───── Data listing

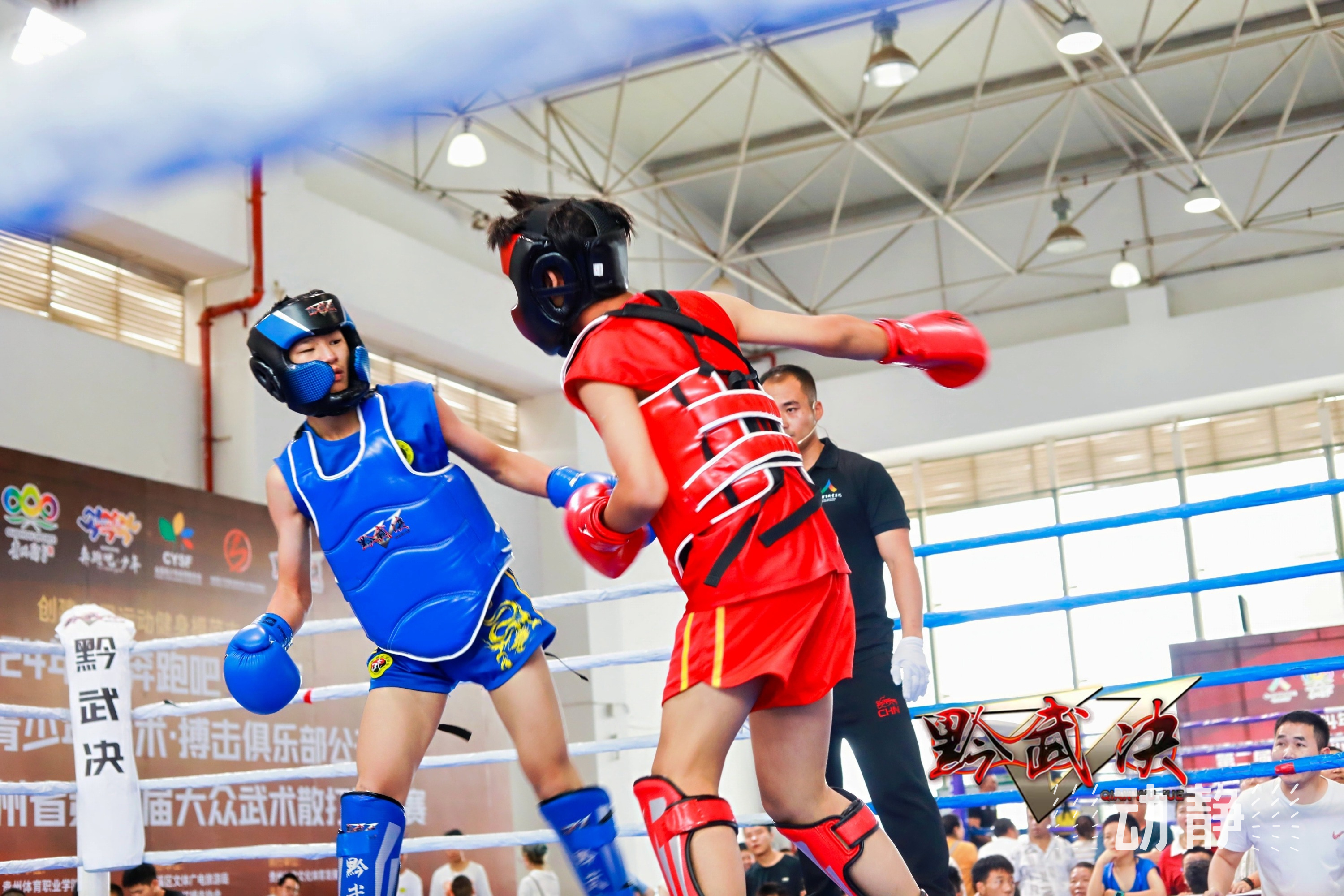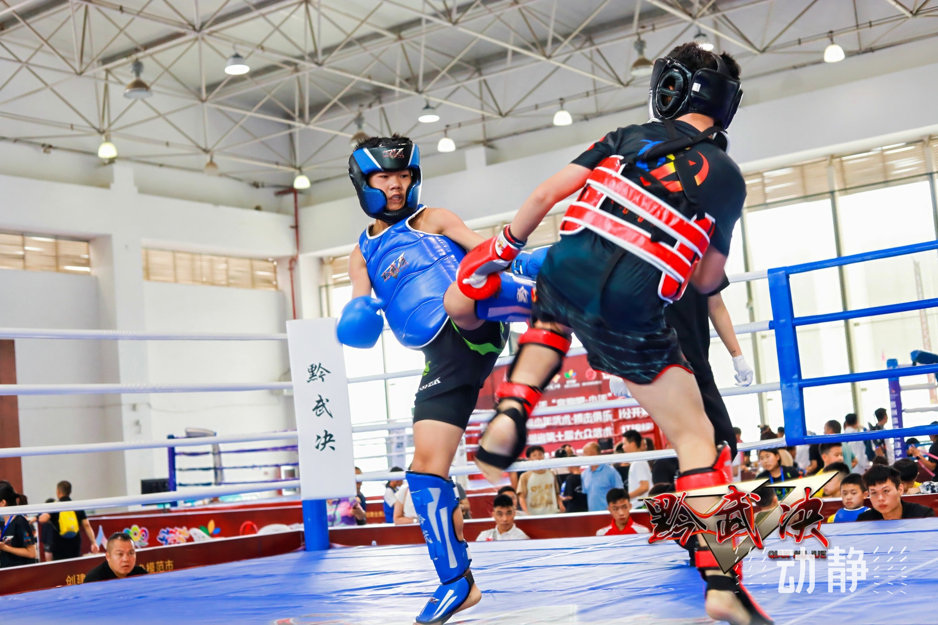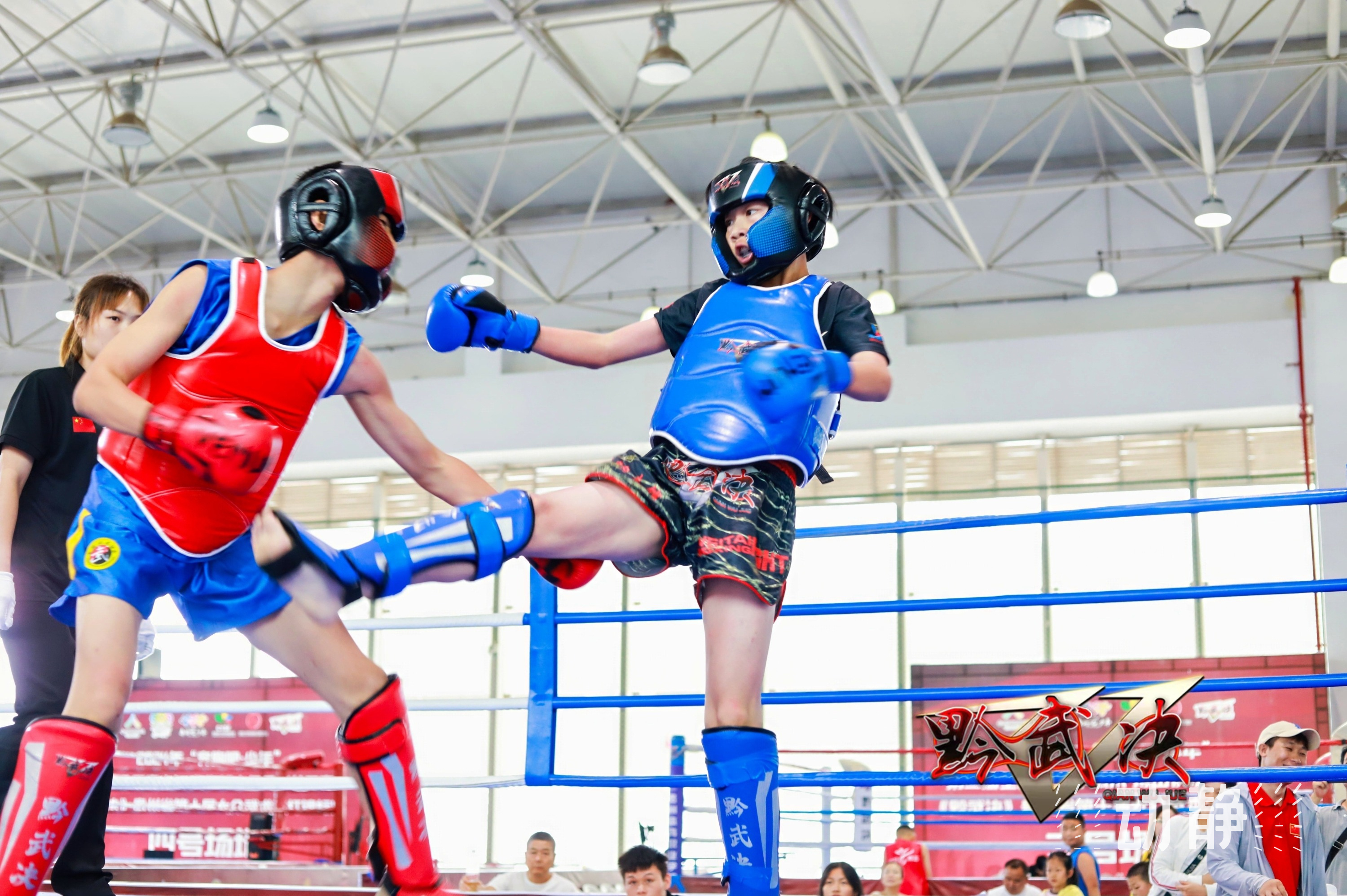 直拳、勾拳、组合拳、踢击和肘击,赛场上,小拳手们打得十分尽力,一招一式尽显扎实功底,让人感受到了搏击运动的魅力和中华武术的风采。
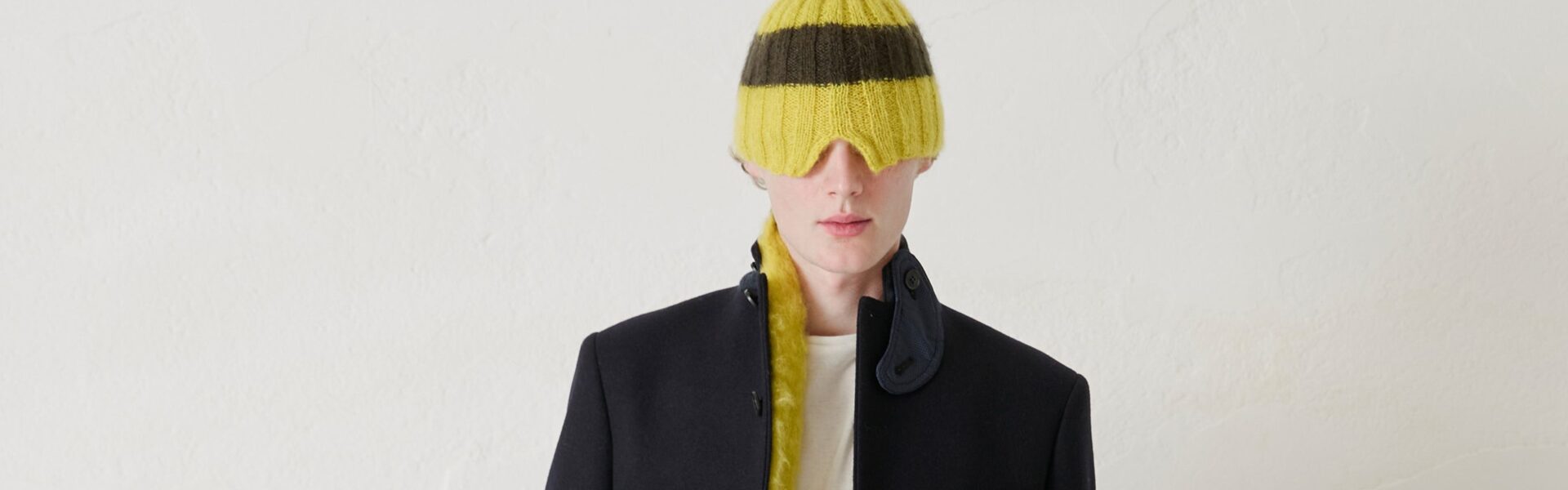 The palette stayed muted—browns, navy, green, gray—with only a few brighter accents. Accessories like mohair scarves and knitted beanies introduced a softer, more relaxed note, balancing the structure of the tailoring.
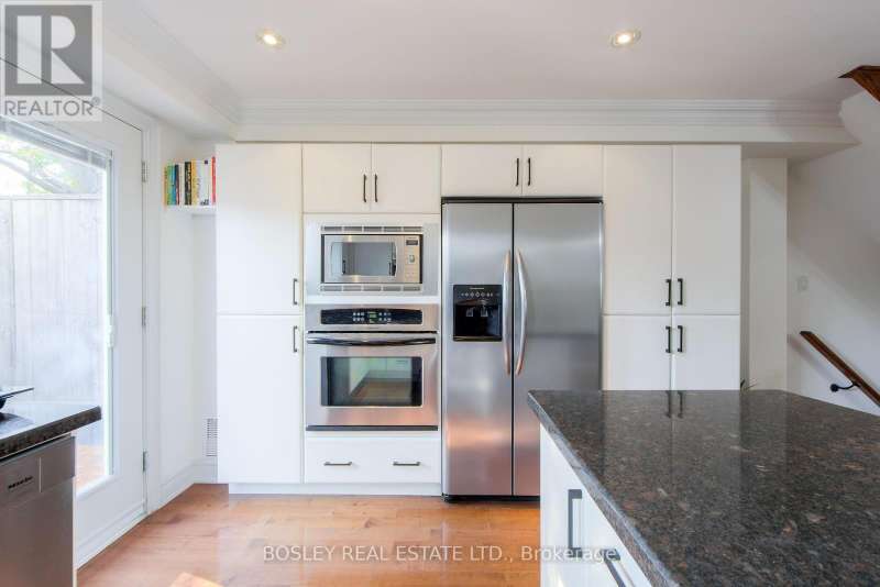 188 McCaul is the epitome of urban living in Toronto's downtown core - a Victorian-inspired red brick house with over 1800 sq ft of indoor living space and a rooftop terrace, boasting views of the CN Tower. With a walkability score of 100, you can leave your car at home and discover the vibrant Baldwin Village neighbourhood, full of popular restaurants and pretty tree-lined streets. With 3 bedrooms and 2 full bathrooms, this end unit townhouse has North East and West exposures for natural light while perfectly blending modern comforts with classic charm. The heart of every home is the kitchen. Here, it is spacious, adorned with granite countertops, equipped with full-size stainless steel appliances and ample cabinetry. The kitchen has a walkout to a large private balcony with a gas BBQ hookup. The open concept and sizeable dining and living rooms, complete with gas fireplace, are a timeless space for meals and entertainment. The primary bedroom has terrific closet space with custom organizers. The ensuite bathroom features a built-in jet tub bathtub and large shower. The two additional bedrooms on the top floor are generously sized, both with double door closets and windows, offering flexibility of serving as sleeping or working spaces. There is direct access from the house to the built-in garage, basement and storage room. At 188 McCaul, you will be able to walk to your downtown office, access the TTC, theatres, restaurants, cafes, countless entertainment venues, University of Toronto, and every major hospital in the downtown core. (id:7434)
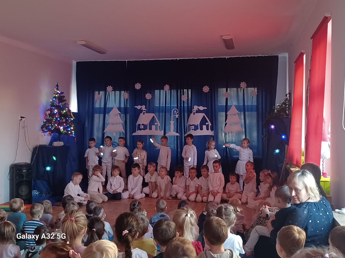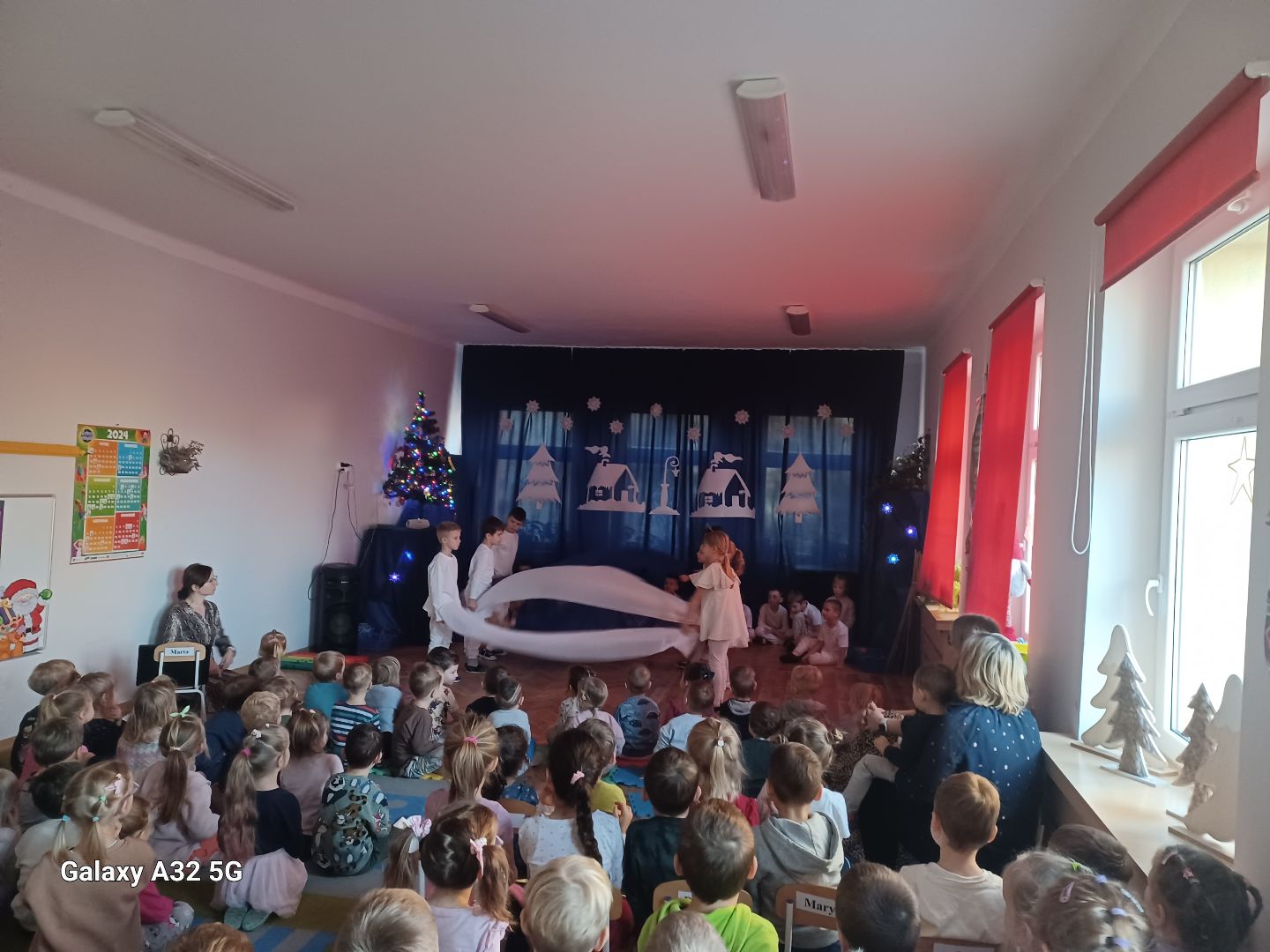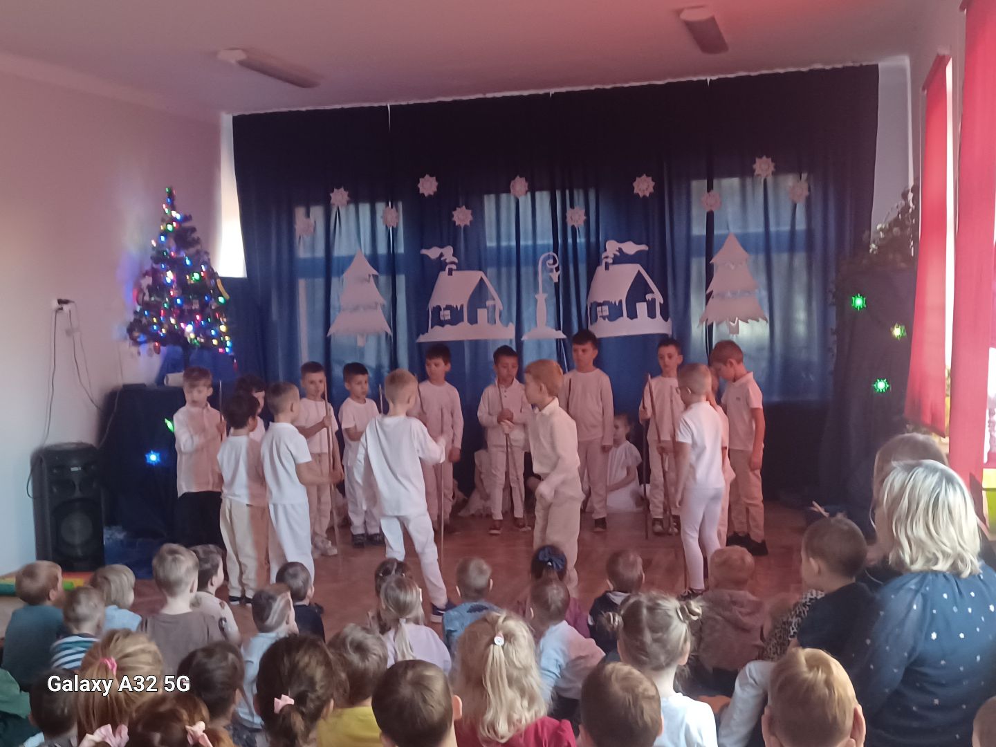 13.12.2024 r. najstarsza grupa w przedszkolu - KANGURKI - zaprezentowała wszystkim dzieciom z naszego przedszkola ,,Świąteczne przedstawienie". Były świąteczne wiersze, piosenki, instrumentacje i tańce :)
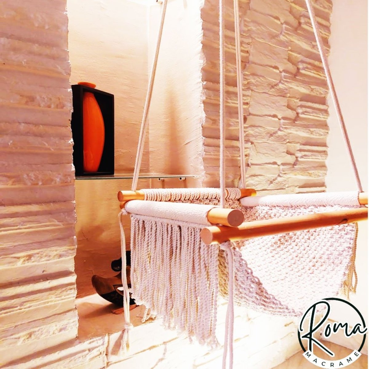 أضف لمسة من الجمال والراحة إلى وقت لعب أطفالك مع أرجوحة المكرمية المصنوعة يدويًا في روما. مصنوعة من مواد متينة وصديقة للبيئة، هذه الأرجوحة التي يبلغ طولها 2 متر مثالية للاستخدام داخل المنزل أو خارجه. يتناغم لونها الأبيض السكري الأنيق مع أي ديكور، في حين يضيف التصميم المكرمي المتقن لمسة بوهيمية جذابة. مثالية للأطفال، فهي توفر لهم مكانًا آمنًا ومريحًا وأنيقًا للاسترخاء والاستمتاع. سهلة التركيب وتمنح ساعات من المرح والراحة.
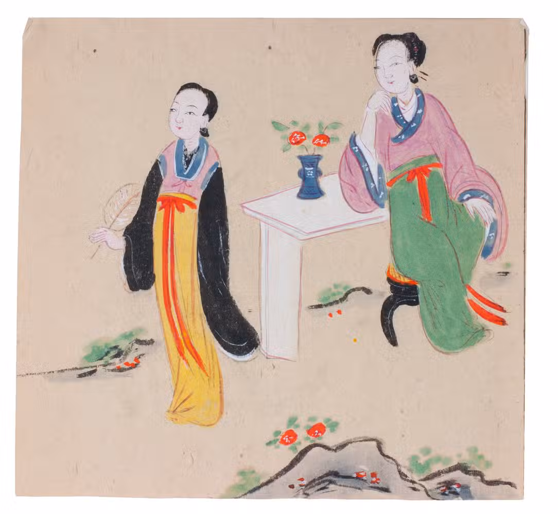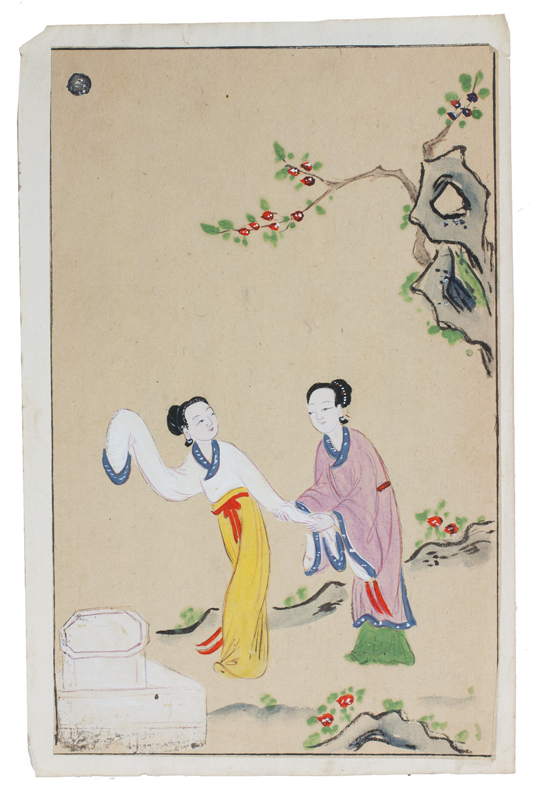 2) 2 ladies, 1 holding the other's sleeve, with a flowering tree and an octagonal stone basin(?).
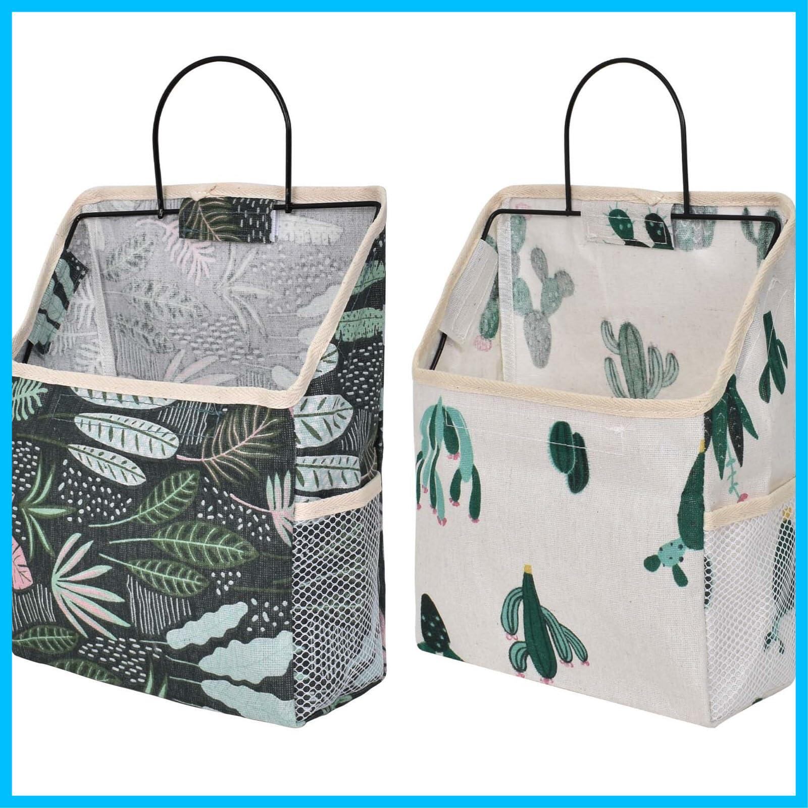 ウォールポケット 壁掛け 収納 壁掛けバッグ フック付き 収納バスケット 布製 金属フレーム付き 2個 ドア 収納 吊り下げ ポケット おもちゃ、衣類、本、雑誌、封筒、スナックの収納 (サボテン柄、植物柄) | Lulu
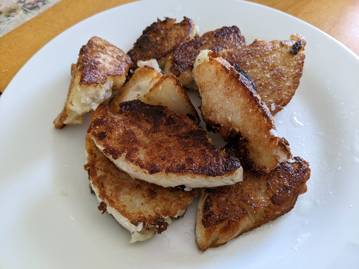 i finally had lunch around 1:45pm, some pan-seared radish cakes with thai chili sauce. they weren't that crispy to begin with, but after i complained, my father cooked them again to make them crispier.

──────────

— What you need to do —
Write out the line that contains "2) 2 ladies, 1" and every line after it to the end of the data, exactly as they stand. Omit the pictures.

— Task result —
 2) 2 ladies, 1 holding the other's sleeve, with a flowering tree and an octagonal stone basin(?).
 ウォールポケット 壁掛け 収納 壁掛けバッグ フック付き 収納バスケット 布製 金属フレーム付き 2個 ドア 収納 吊り下げ ポケット おもちゃ、衣類、本、雑誌、封筒、スナックの収納 (サボテン柄、植物柄) | Lulu
 i finally had lunch around 1:45pm, some pan-seared radish cakes with thai chili sauce. they weren't that crispy to begin with, but after i complained, my father cooked them again to make them crispier.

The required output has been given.